There is no requirement in the statute, or in the cases construing the statute, that the object of the conspiracy must be to cause a financial loss to an agency of the government [citations omitted]. Nor is there any requirement that the indictment charge a knowing violation of an agency's rules, regulations, or procedures. The statute is designed 'to protect the integrity of the United States and its agencies, programs, and policies' [citation omitted]. Moreover, '[t]he United States has a fundamental interest in the manner in which projects receiving its aid are conducted. This interest is not limited strictly to accounting for United States Government funds invested in the project, but extends to seeing that the entire project is administered honestly and efficiently and without corruption and waste' [citations omitted].


Id. at 771.


We can, as in Conover, dispose of Gallup's contention that he and Duke have committed no crime under Sec. 371. There is far more at stake here than a violation of the Housing Authority's conflict of interest policy. There is a fundamental compromise of the Housing Authority's, and consequently of HUD's, interest in having its projects "administered honestly and efficiently and without corruption and waste." Id., 771.

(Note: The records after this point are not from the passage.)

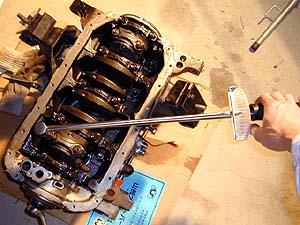 プラスチゲージをメタルに挟んでから、規定トルクで締め付ける。KTCのプレート型トルクレンチである。プリセット式よりも狂いが少ないしシンプルで信頼性が高い。私はエンジンを組む時はコレを愛用している。
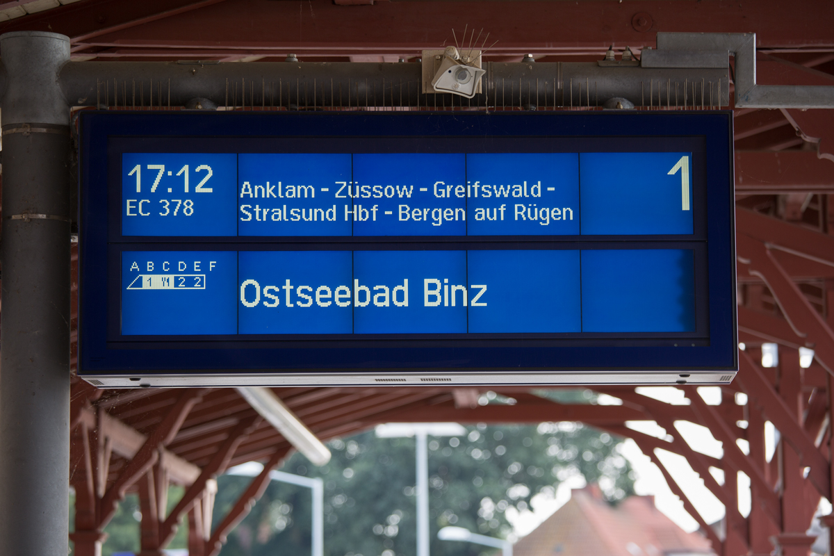 Zugzielanzeiger für EC 378 auf dem Bahnhof Pasewalk. - 23.08.2015
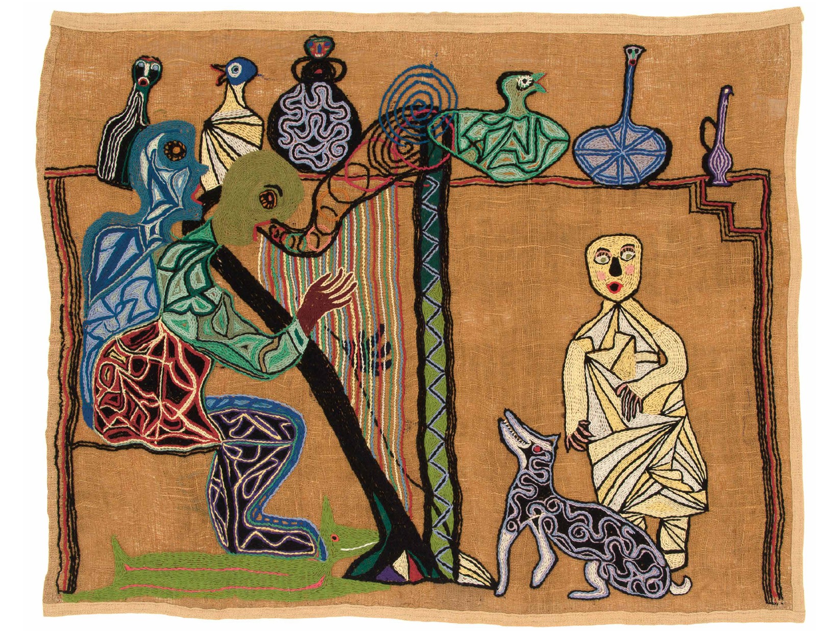Un día llegará quien haga el análisis que merece la obra plástica de Violeta Parra. Se dirá entonces cómo y por qué muere un pajarillo sobre una escopeta vertical, cómo el brazo de una persona se transforma en paloma y cómo se quita el copete que adorna la cabeza de la codorniz o la cima de ciertas plantas siemprevivas para colocarlo sobre la cabeza de la gente (en su cuadro “Contra la guerra”). Cómo se borda el árbol de la vida sobre un fondo clásico de flores de lis. Cómo se pone de pie con bandera chilena en mano (a la manera de Salvador Allende en la última concentración y desfile en Santiago) a Arturo Prat sobre la cubierta del Huáscar mientras la Esmeralda se hunde en un mar de olas celestes y azules de formación barroca. Cómo se retrata una de las tantas masacres del pueblo, en la que los carabineros disparan y hay muertos que caen de cabeza. Cómo pinta la fiesta en su casa con personajes enmascarados y la propia cantora que parece llorar en un rincón. Cómo realiza su autorretrato y descubre que es una guitarrera de Quinchamalí embarazada de uno de sus hijos cantores. Cómo retrata el alma del poeta Thiago de Mello saliendo del brazo de su guitarra convertida en pájaro de mil colores.
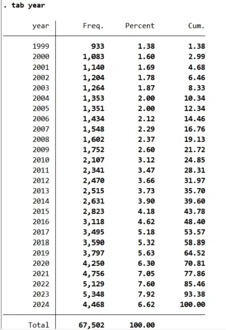 Pledge dum1:年末第一大股东是否存在股权质押,存在股权质押则为1,否则为 0因年末第一大股东持股数最早是 2003 年,所以样本期间是 2003-2024 年。
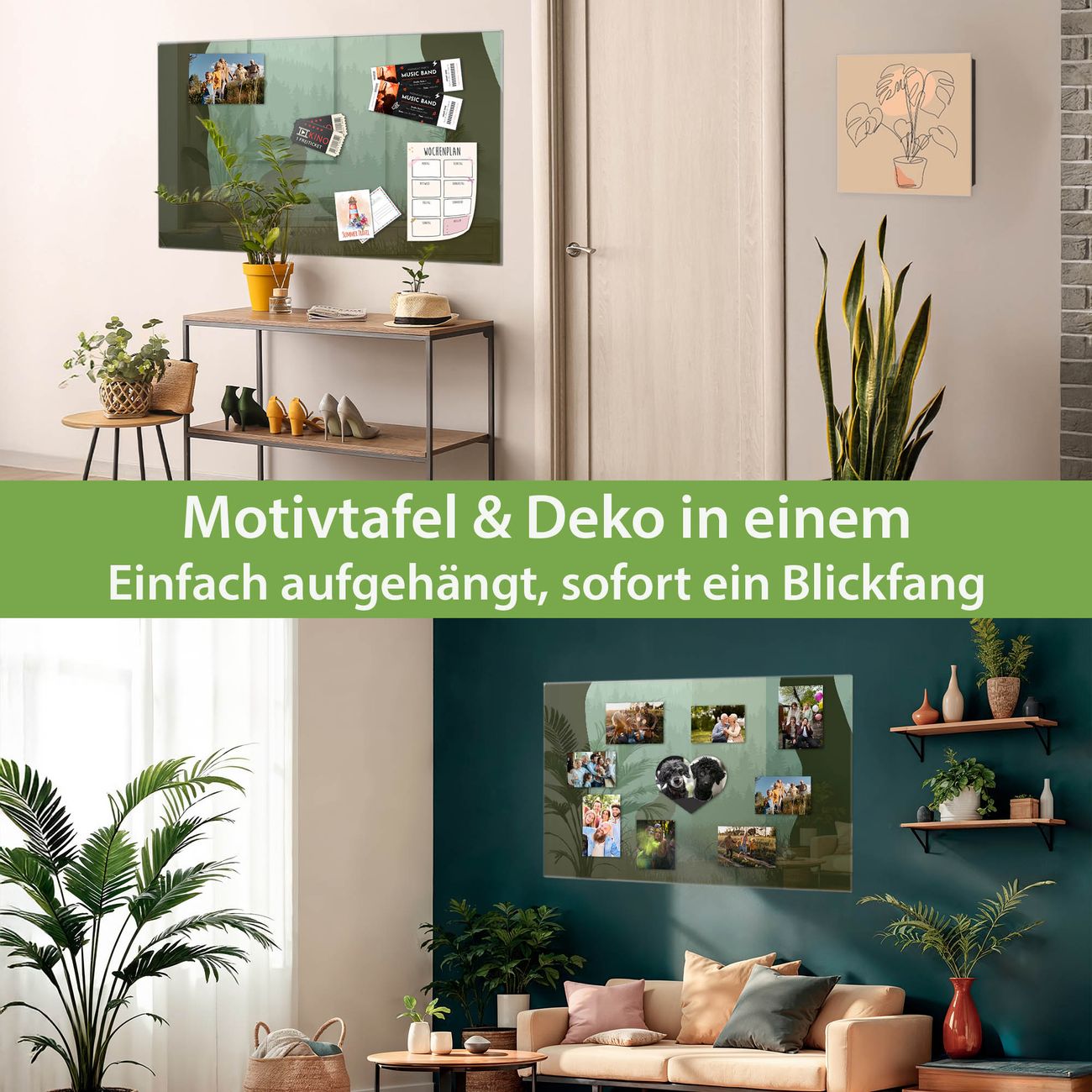 Dank der flachen Bauweise wirkt die Magnetwand fast schwebend an der Wand. Sie können sie mit Montagekleber elegant befestigen oder mit einem passenden Set klassisch verschrauben - beides sorgt für sicheren Halt und eine dezente Optik.
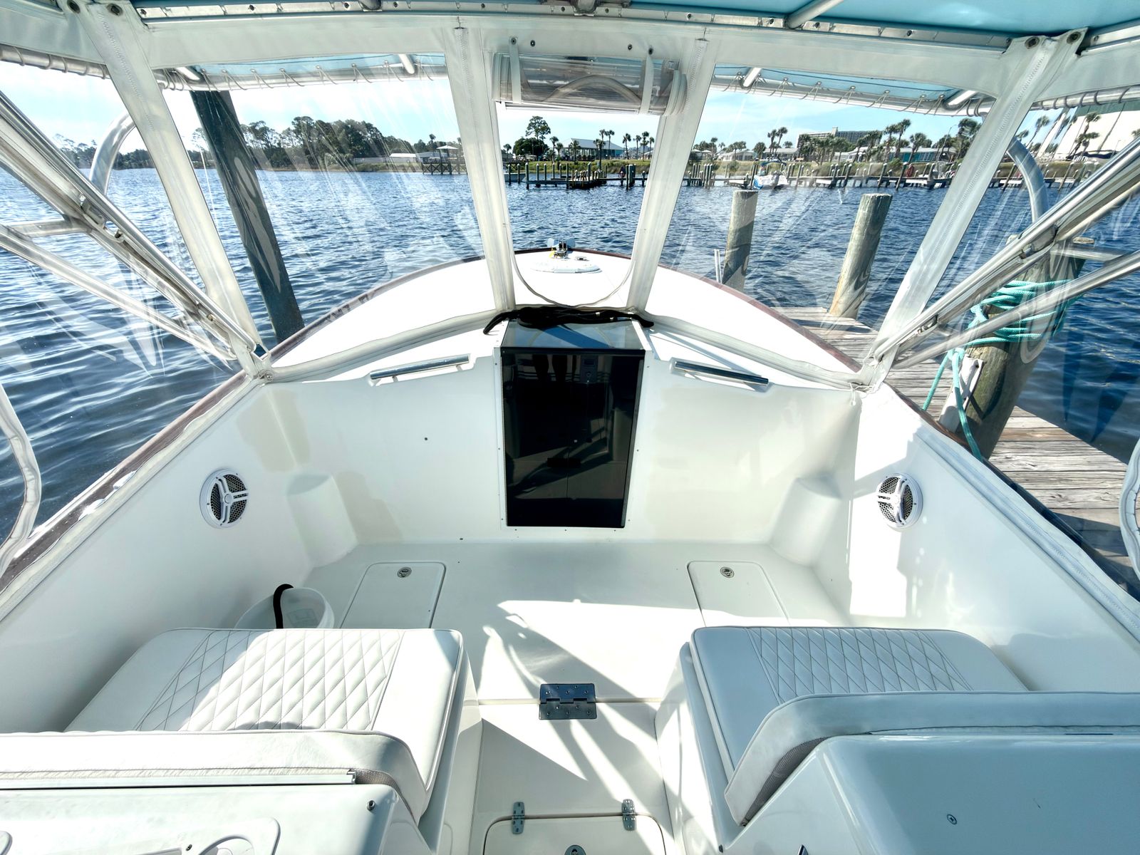 The Deno Express Cuddy is designed with a focus on comfort, convenience, and versatility. Its Cuddy Cabin layout offers a cozy and private space for relaxation, allowing you to escape the sun or enjoy a peaceful nap during your adventures. The spacious deck provides plenty of room for socializing, fishing, or simply soaking up the scenery. The 32-foot length ensures that there’s enough space for all your activities, while the thoughtful design makes every inch of the boat functional and inviting.Special features of the Deno Express Cuddy include its twin-engine setup, which not only boosts performance but also adds a layer of safety and reliability. The cabin area is perfect for storing gear, preparing snacks, or taking a break from the action. The overall build quality reflects Deno’s commitment to craftsmanship, ensuring that this used boat remains a dependable companion for years to come.

Moreover, Gallup and Duke were indicted under Count 1 for conspiracy to defraud the United States, not for conspiracy to induce or influence HUD pursuant to 18 U.S.C. Sec. 1012. The latter encompasses Count 2. The two offenses are completely separate and distinct.


There is no merit in Gallup's contention that he should have been charged with the misdemeanor version of Sec. 371 because it relates to the misdemeanor offense proscribed in Sec. 1012.2 Indeed, Gallup and Duke could have been charged solely under Count 1. Count 2 could have been dispensed with, without harm to the government's case. In United States v. Feola, 420 U.S. 671, 95 S.Ct. 1255, 43 L.Ed.2d 541 (1975), the Court said:


It is well settled that the law of conspiracy serves ends different from, and complementary to, those served by criminal prohibitions of the substantive offense. Because of this, consecutive sentences may be imposed for the conspiracy and for the underlying crime.... The law of conspiracy identifies the agreement to engage in a criminal venture as an event of sufficient threat to social order to permit the imposition of criminal sanctions for the agreement alone, plus an overt act in pursuit of it, regardless of whether the crime agreed upon actually is committed.


Id. at 693-94, 95 S.Ct. at 1268-69. It is axiomatic that Gallup and Duke could have been prosecuted for conspiracy without ever having committed a substantive crime. The trial court did not err in the manner in which it instructed the jury on the two counts. We find no merit in Gallup's contention that the evidence amounted only to a conflict of interest on Gallup's part.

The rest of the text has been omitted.